The example contains several commands: START, ADDRESS, ACKNOWLEDGE, DATA, and STOP. These are unique on the bus. Before we want to further explore the bus status, we need to know a little bit about the physical structure and the hardware of the bus.
==================== Gorgeous split line ==============================
Linux I2C tools were previously part of lm-sensors and have now been split into independent software packages. The reason is that not all hardware monitoring chips are I2C devices and I2C devices are not Hardware Monitoring chips, so it is not reasonable to put everything together. Because the I2C tool is implemented in the kernel, It is supported in all Linux versions.
Our server may have multiple I2C buses, and the power controller is connected to one of them. After hot power plugging, the status information will be stored in the Power Controller. What we need to do is to find the address of the Power Controller through the I2C bus and read the data. This is done by the i2cget command.
I2cget [-y] i2cbus chip-address [data-address [mode]
-Y to enable the interactive mode. This parameter must be added when the script is used to avoid confirmation of information. The i2cbus parameter indicates the I2C bus number to be scanned, which must be in the i2cdetect-l list; chip-address specifies the address of the chip on the bus, ranging from 0x03 to 0x77; data-address specifies the address of the data to be read from the chip, which ranges from 0x00 to 0 x ff. If mode is specified, the read/write mode is used.
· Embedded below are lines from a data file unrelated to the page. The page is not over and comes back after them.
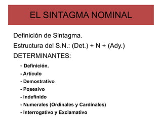 El documento define el sintagma nominal y sus componentes principales. Explica que un sintagma nominal está formado por un núcleo que puede ser un sustantivo o un pronombre, precedido opcionalmente por determinantes como artículos, demostrativos, posesivos o numerales. Además, describe las funciones y clases de sustantivos y pronombres, incluyendo sus características morfológicas y semánticas.
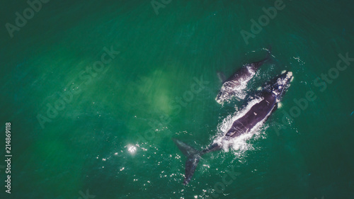 Aerial view over a Southern Right Whale and her calf along the overberg coast close to Hermanus in South Africa
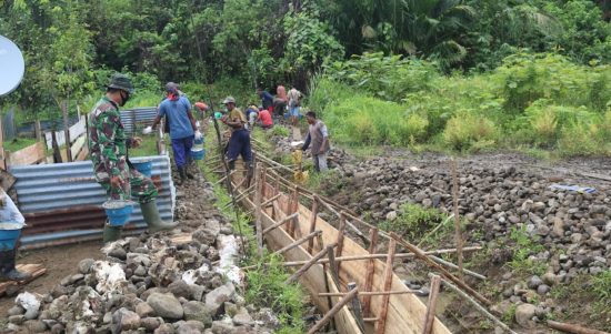 Dalam pembuatan Drainase, kekompakan antara Tim Satgas TMMD, Polri dan masyarakat terlihat sangat semangat kebersamaan serta semangat kekeluargaan.
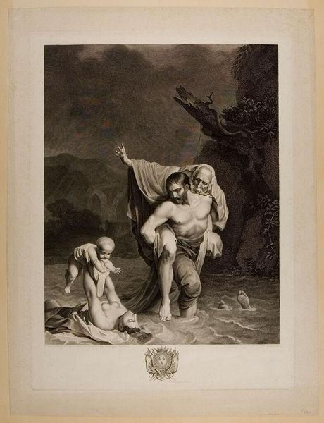 Editor: This is Carlo Antonio Porporati's "Adam and Eve Weeping over Abel." The raw emotion is intense, and it feels so staged. I wonder about the intended audience for a piece like this. What societal norms or beliefs do you think this work reflects? Curator: It's fascinating how the engraver Porporati reframes such a primal scene of loss through the lens of 18th-century sensibilities. Notice the dramatic poses and the classical allusions. How do these aesthetic choices influence the viewer's emotional response, and perhaps, reinforce the social hierarchy of the time? Editor: That's a great point. I hadn't considered how the style itself is a social commentary. Thanks! Curator: Indeed. And thinking about its place in art history and in our own understanding of grief and power structures adds another layer to our viewing experience.
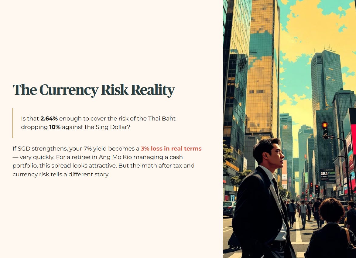 Is that 2.64% enough to cover the risk of the Thai Baht dropping 10% against the Sing Dollar? Probably not. If the SGD strengthens, your 7% yield becomes a 3% loss in real terms very quickly.
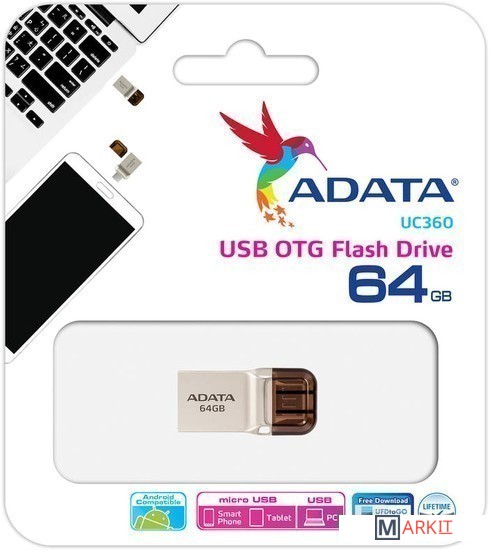В маленьком корпусе флэш-накопителя OTG USB UC360 имеются встроенные разъемы USB 3.1 и microUSB, благодаря чему данный накопитель удобно использовать для передачи данных между такими различными устройствами, как смартфоны, планшеты и ПК. Этот флэш-накопитель устойчив к попаданию влаги, пыли, к ударам, а также оснащен аккуратным ременным креплением для удобства переноски.

If this parameter is not specified, the read-only mode is used by default.
Script snippet:
# Check for i2c-toolsif [ ! -f /usr/sbin/i2cget ] ; then echo -e "\nError: i2c-tools are required for this monitoring tool." exitfi# Check for lm_sensors# Load i2c_dev modules if not loadedif [ "`lsmod | grep -c i2c_dev`" == 0 ] ; then modprobe i2c_dev 2> /dev/nullfi# Query for PS modules, 250w PS registered at i2c address 0x20ps_status=`i2cget -y 0 0x20 0x00 2> /dev/null`if [ "$ps_status" == "" ] ; then echo -e "\nError: PS module not responding, check i2c/lm_sensors setup." exitfiecho -e "\nSystem Power Supply Status:"echo -e "---------------------------\n"# Parse PS1 Bottom power supply module status# Bit 0 = PS1 FAN status (0 = normal, 1 = fail)let "ps_fan=$ps_status&1"# Bit 1 = PS1 OTP (0 = normal, 1 = Over 55C, shuts off at 65C)let "ps_otp=$ps_status&2"# Bit 2 = PS1 PG (1 = Power good, 0 = Power good failed)let "ps_pg=$ps_status&4"# Bit 3 = PS1 Present (0 = PS detected on backplane, 1 = PS not present)let "ps_present=$ps_status&8"# Print PS1 resultsif [ "$ps_present" == "0" ] ; then echo -en "PS1 BTM MODULE:\tPRESENT\nPS1 FAN STATUS:\t" if [ "$ps_fan" == "0" ] ; then echo "GOOD" else echo "FAILED" fi if [ "$ps_otp" == "0" ] ; then echo -e "PS1 OTP:\tGOOD (<55C)" else echo -e "PS1 OTP:\tFAILED (>55C)" fi if [ "$ps_pg" == "0" ] ; then echo -e "PS1 POWER:\tFAILED" else echo -e "PS1 POWER:\tGOOD" fielse echo -e "PS1 BTM MODULE:\tNOT DETECTED"fi# Parse PS2 Top power supply module status# Bit 4 = PS2 FAN status (0 = normal, 1 = fail)let "ps_fan=$ps_status&16"# Bit 5 = PS2 OTP (0 = normal, 1 = Over 55C, shuts off at 65C)let "ps_otp=$ps_status&32"# Bit 6 = PS2 PG (1 = Power good, 0 = Power good failed)let "ps_pg=$ps_status&64"# Bit 7 = PS2 Present (0 = PS detected on backplane, 1 = PS not present)let "ps_present=$ps_status&128"# Print PS2 resultsif [ "$ps_present" == "0" ] ; then echo -en "\nPS2 TOP MODULE:\tPRESENT\nPS2 FAN STATUS:\t" if [ "$ps_fan" == "0" ] ; then echo "GOOD" else echo "FAILED" fi if [ "$ps_otp" == "0" ] ; then echo -e "PS2 OTP:\tGOOD (<55C)" else echo -e "PS2 OTP:\tFAILED (>55C)" fi if [ "$ps_pg" == "0" ] ; then echo -e "PS2 POWER:\tFAILED" else echo -e "PS2 POWER:\tGOOD" fielse echo -e "\nPS2 TOP MODULE:\tNOT DETECTED"fi
It is easy to send an alarm when the power status is taken out.